(Beginning of Records shown)

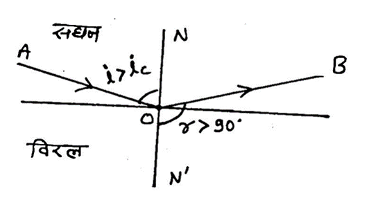 (ii) If a ray of light travels from a denser medium to a rarer medium and strikes the interface at an angle greater than the critical angle, the ray does not enter the rarer medium but is reflected back into the denser medium. This phenomenon is called total internal reflection.
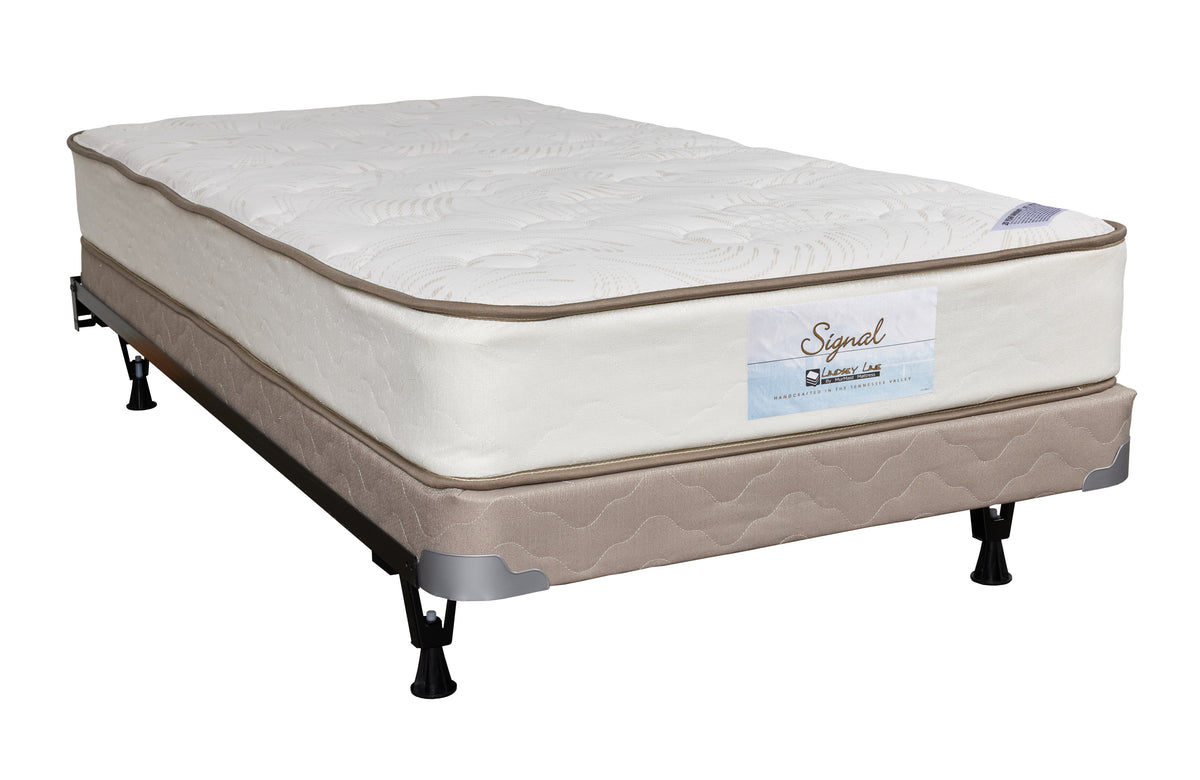 Signal Mountain has been a staple in our community dating back to pre-Civil War times; when we decided to launch the Lindsey Line Premium Collection, we knew that a strong foundation would be needed which is why we have begun with the series of Signal Mattresses. Our Signal Firm at its core uses a Bonnell innerspring coil system with reinforced edges for maximal surface area usage. To provide the firm feel we have used 1” of crushed and compacted fiber layered underneath the quilted top which has firm foam inside the stitching. This premium value offering is great starter for kids transitioning into their first bed or for your guest room.
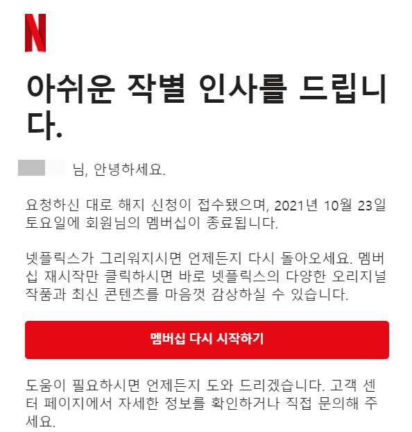 그리고 해당 메일을 통해 넷플릭스 계정 삭제 요청을 했습니다.
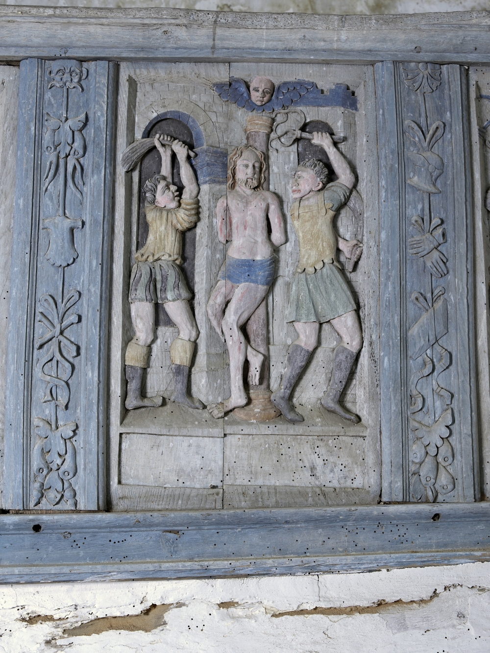 Tribune en bois polychrome, compartiment sculpté représentant des scènes de la Passion, la flagellation du ChristImmatriculation
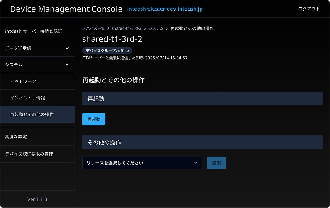 intdashのエッジソフトウェアである「intdash Terminal System 2」ではOTA (Over the Air)によるデバイスソフトウェアの管理・アップデートが可能です。遠隔での、
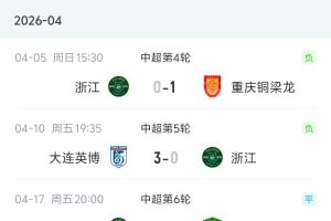 24直播网04月25日讯 进入4月以来,浙江队连续5场中超比赛1平4负,且一球未进。
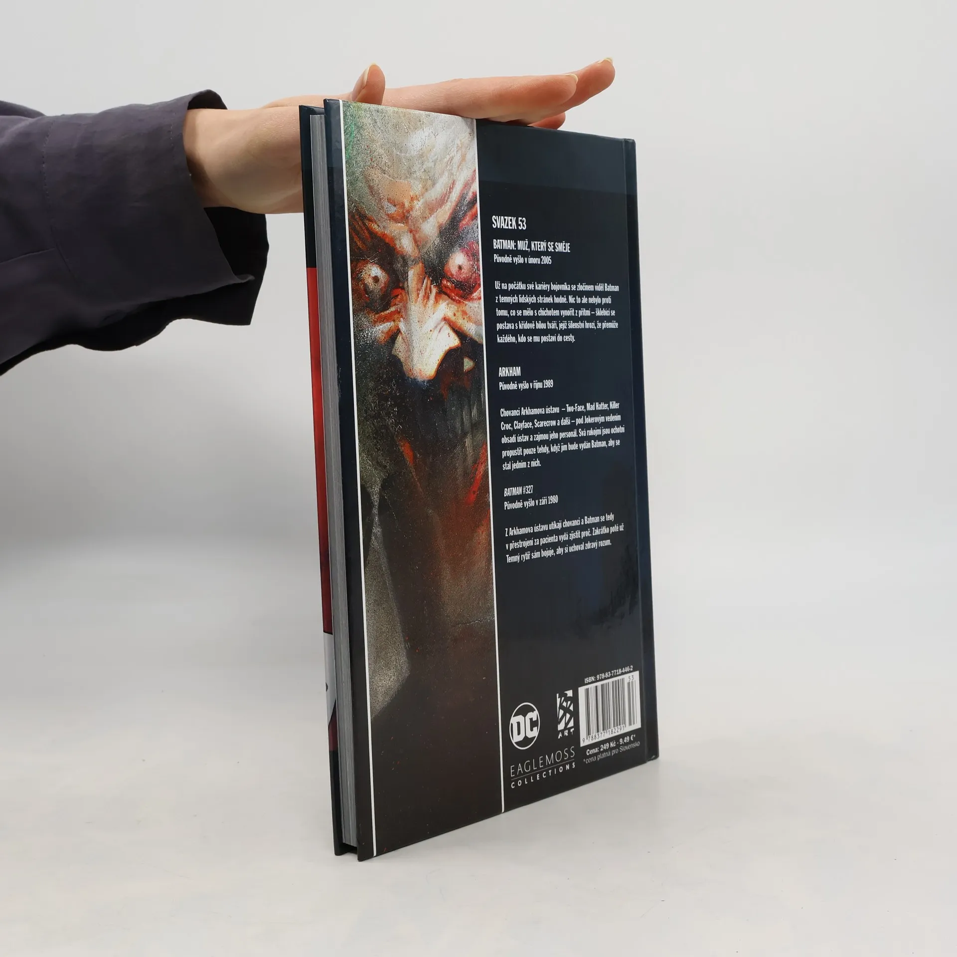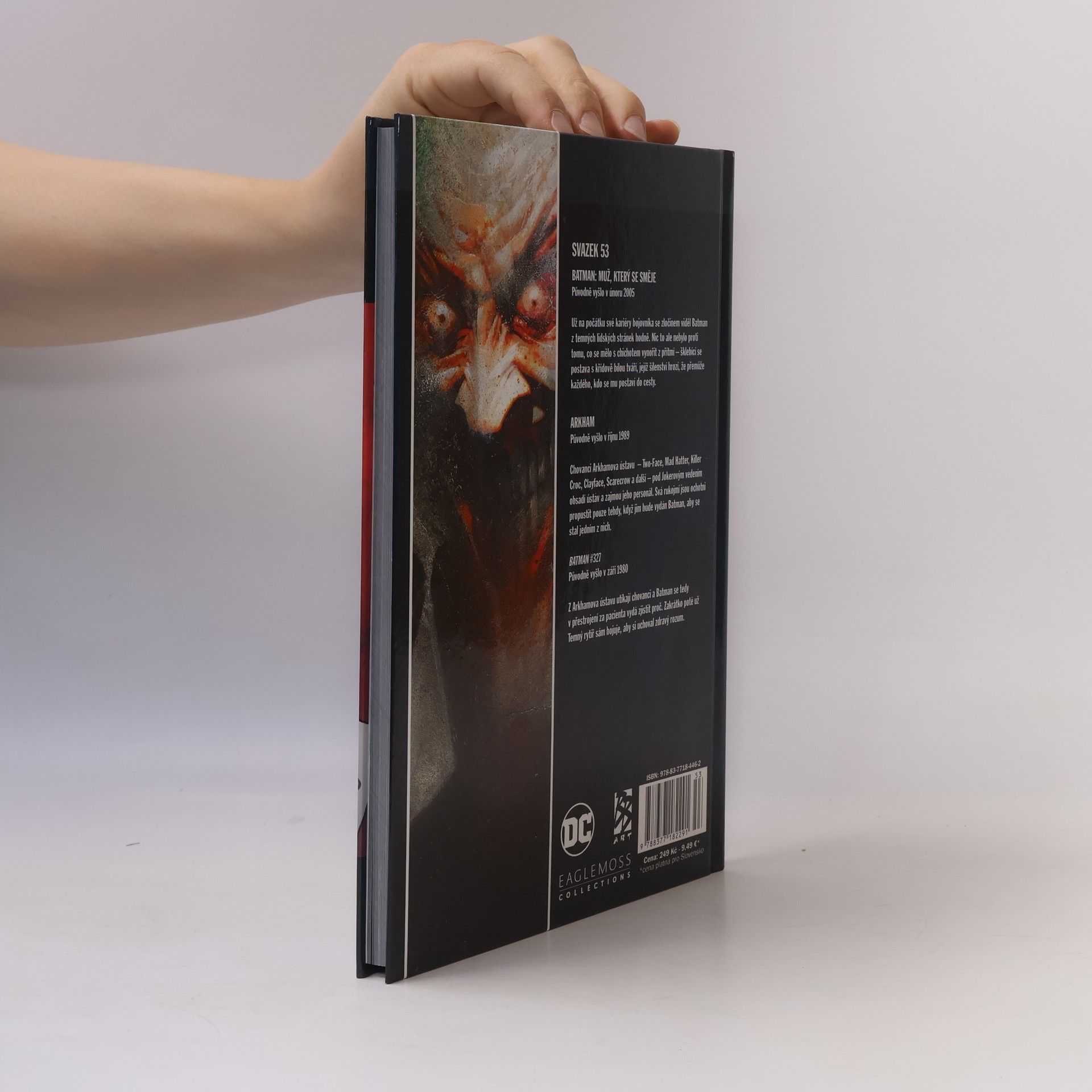 Batman: Muž, který se směje (Původně vyšlo v únoru 2005) Už na počátku své kariéry bojovníka se zločinem viděl Batman z temných lidských stránek hodně. Nic to ale nebylo proti tomu, co se mělo s chichotem vynořit z přítmí – šklebící se postava s křídově bílou tváří, jejíž šílenství hrozí, že přemůže každého, kdo se mu postaví do cesty. Arkham (Původně vyšlo v říjnu 1989) Chovanci Arkhamova ústavu – Two-Face, Mad Hatter, Killer Croc, Clayface, Scarecrow a další – pod Jokerovým vedením obsadí ústav a zajmou jeho personál. Svá rukojmí jsou ochotni propustit pouze tehdy, když jim bude vydán Batman, aby se stal jedním z nich. Batman #327 (Původně vyšlo v září 1980) Z Arkhamova ústavu utíkají chovanci a Batman se tedy v přestrojení za pacienta vydá zjistit proč. Zakrátko poté už Temný rytíř sám bojuje, aby si uchoval zdravý rozum.
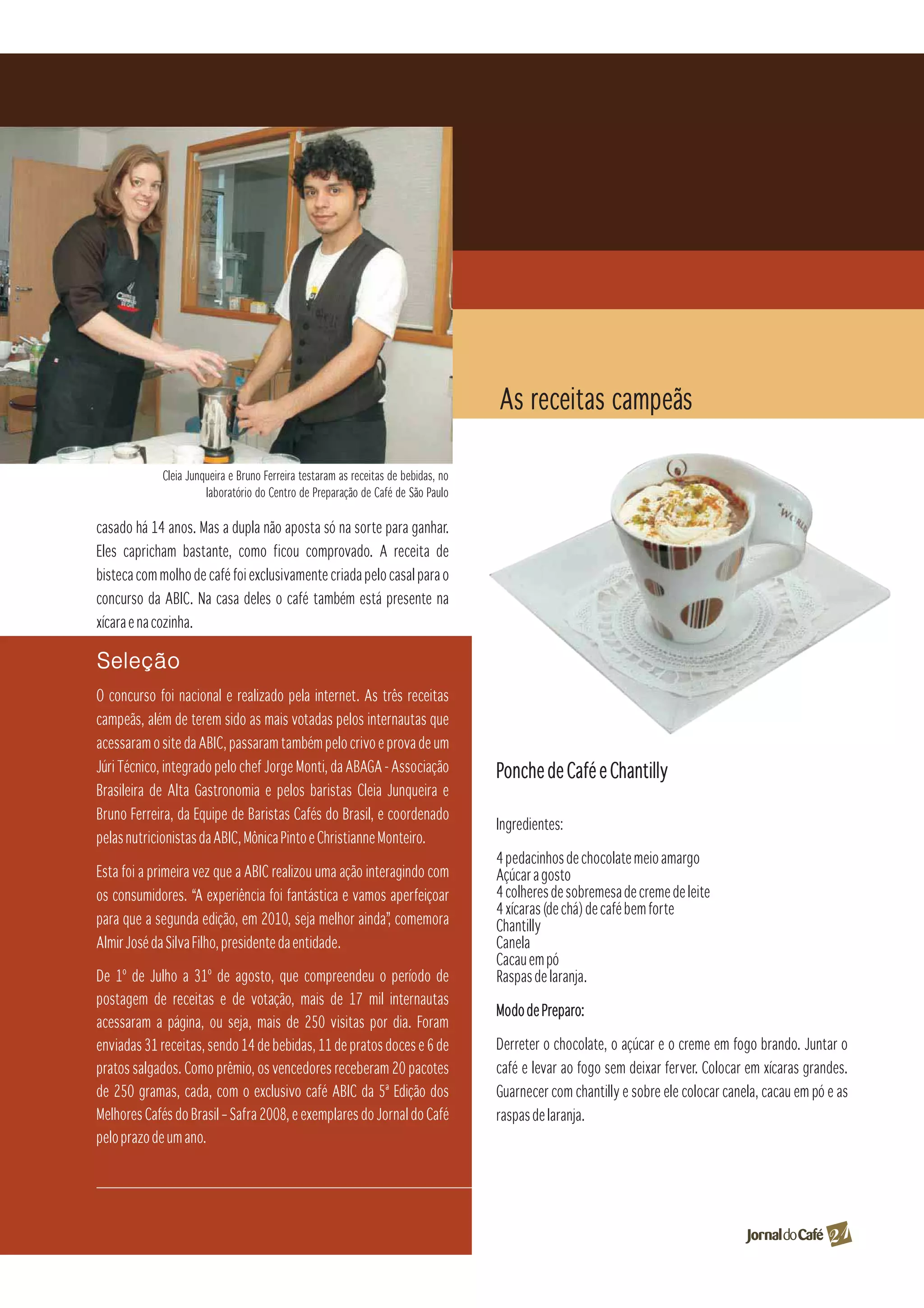 2) O concurso recebeu mais de 17 mil votos de internautas entre receitas de bebidas, pratos doces e salgados e as receitas campeãs foram premiadas com pacotes de café.
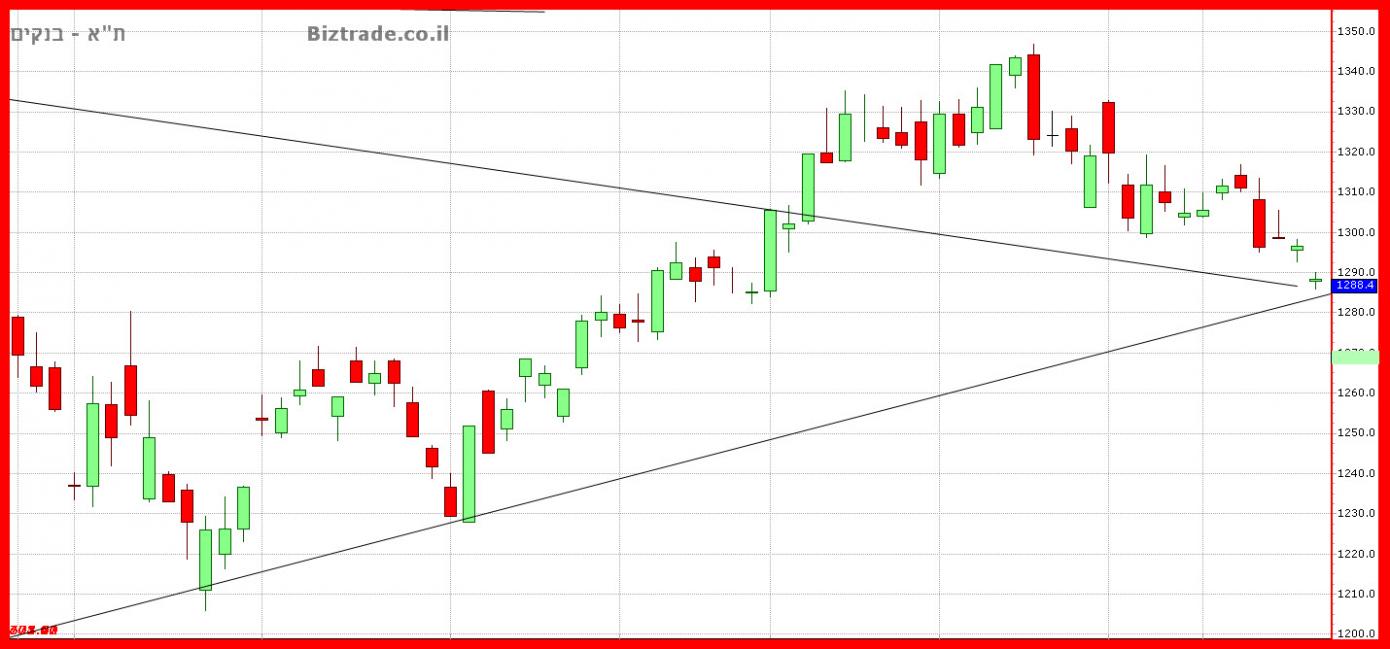 אזור ה 1286, הוא אזור " סופר חשוב, בגרף זה, כאשר נמצאה באותה נקודה הצטלבות , של קו מגמה יורד טווח בינוני , יחד עם קו מגמה עולה ארוך טווח, כך שבמידה וקווים אלא ישברו מצבו של מדד הבנקים הולך להחמיר הרבה יותר.
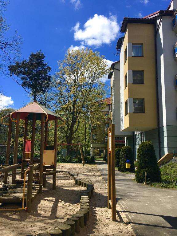 На территории комплекса апартаментов обустроена игровая площадка для детей.
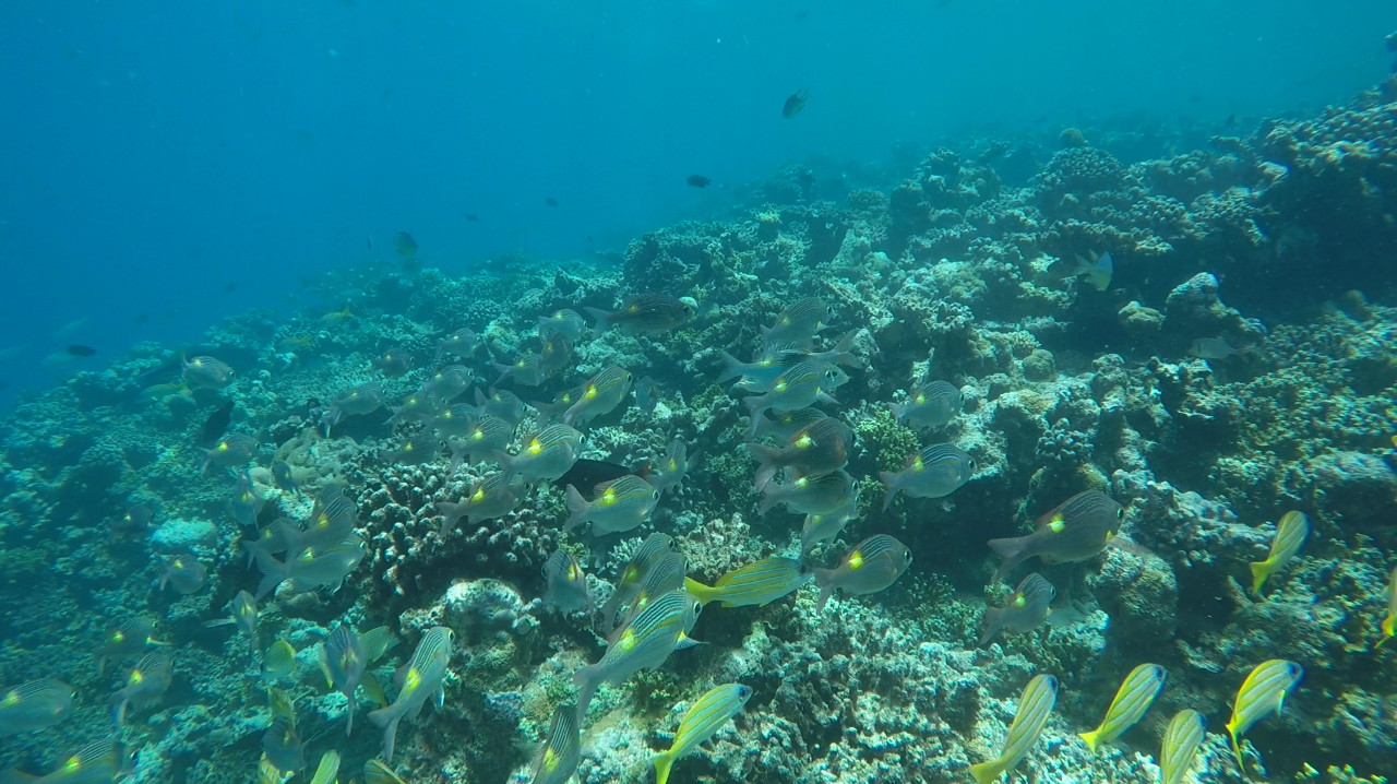 ภูมิประเทศใต้น้ำของที่นี่จะไม่เหมือนที่ไหนๆ เพราะจุดที่ปะการังเยอะสุด สวยสุด ต้องว่ายออกไปจนถึงเหว เราก็ว่ายเลาะขอบเหวนั้นไปค่ะ (คือน้ำตื้นอยู่ดีๆ ก็ลึกลงไปเลยไม่เห็นพื้น ก็เลยเรียกว่าเหว)
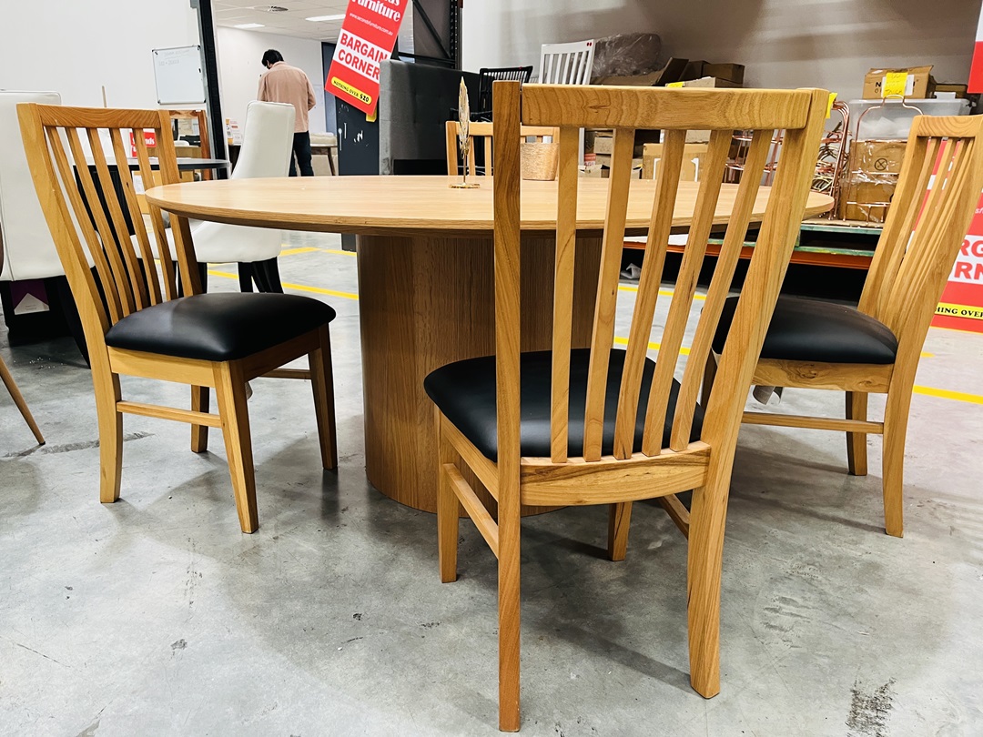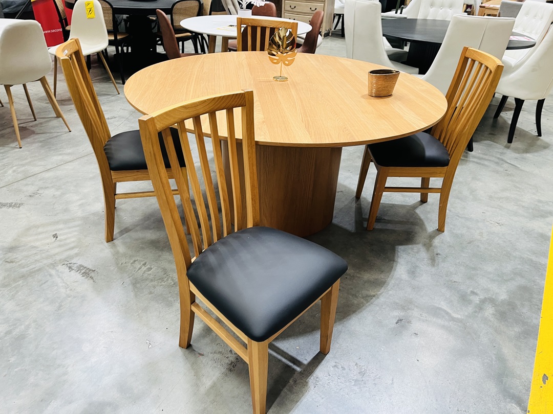 This 5-piece dining set includes a round timber table and four matching chairs. Crafted from natural wood, it brings warmth and charm to your dining area. Ideal for family meals or relaxed gatherings.

(End of Records shown)

Transcription of the lines from the one with "אזור ה 1286, הוא" through the end of the entries is required, exact and with no pictures.

Written solution:
 אזור ה 1286, הוא אזור " סופר חשוב, בגרף זה, כאשר נמצאה באותה נקודה הצטלבות , של קו מגמה יורד טווח בינוני , יחד עם קו מגמה עולה ארוך טווח, כך שבמידה וקווים אלא ישברו מצבו של מדד הבנקים הולך להחמיר הרבה יותר.
 На территории комплекса апартаментов обустроена игровая площадка для детей.
 ภูมิประเทศใต้น้ำของที่นี่จะไม่เหมือนที่ไหนๆ เพราะจุดที่ปะการังเยอะสุด สวยสุด ต้องว่ายออกไปจนถึงเหว เราก็ว่ายเลาะขอบเหวนั้นไปค่ะ (คือน้ำตื้นอยู่ดีๆ ก็ลึกลงไปเลยไม่เห็นพื้น ก็เลยเรียกว่าเหว)
 This 5-piece dining set includes a round timber table and four matching chairs. Crafted from natural wood, it brings warmth and charm to your dining area. Ideal for family meals or relaxed gatherings.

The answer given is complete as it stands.